RECORDS =>
* * * * * * * * *
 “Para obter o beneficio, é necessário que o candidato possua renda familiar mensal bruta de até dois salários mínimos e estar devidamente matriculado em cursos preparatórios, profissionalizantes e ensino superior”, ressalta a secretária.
* * * * * * * * *
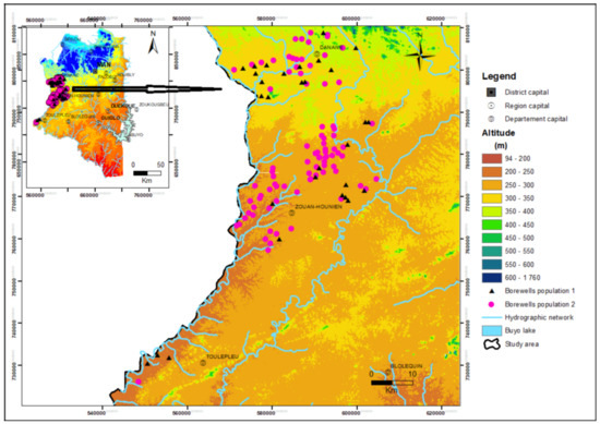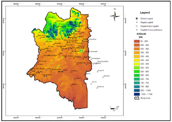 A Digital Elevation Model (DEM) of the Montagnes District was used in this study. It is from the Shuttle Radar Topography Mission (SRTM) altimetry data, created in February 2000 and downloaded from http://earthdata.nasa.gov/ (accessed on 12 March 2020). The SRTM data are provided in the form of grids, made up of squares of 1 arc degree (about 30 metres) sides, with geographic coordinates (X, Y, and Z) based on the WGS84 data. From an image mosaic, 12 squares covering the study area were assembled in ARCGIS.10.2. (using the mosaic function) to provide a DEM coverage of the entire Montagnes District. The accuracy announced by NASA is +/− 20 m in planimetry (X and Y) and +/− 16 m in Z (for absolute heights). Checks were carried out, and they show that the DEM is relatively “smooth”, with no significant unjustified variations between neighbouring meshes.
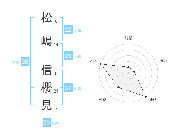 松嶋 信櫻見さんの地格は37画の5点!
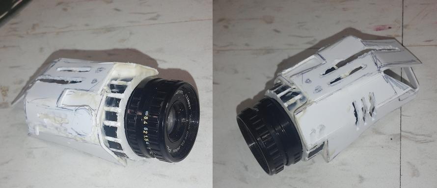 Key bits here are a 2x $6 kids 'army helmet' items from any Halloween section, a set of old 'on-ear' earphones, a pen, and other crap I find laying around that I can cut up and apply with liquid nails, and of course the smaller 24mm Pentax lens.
* * * * * * * * *
THE TASK => What lines above run from the one with "松嶋 信櫻見さんの地格は37画の5点!" to the one with "Key bits here"? Give them again exactly, ends included, and leave the pictures out.

REPLY TO THE EXERCISE =>
 松嶋 信櫻見さんの地格は37画の5点!
 Key bits here are a 2x $6 kids 'army helmet' items from any Halloween section, a set of old 'on-ear' earphones, a pen, and other crap I find laying around that I can cut up and apply with liquid nails, and of course the smaller 24mm Pentax lens.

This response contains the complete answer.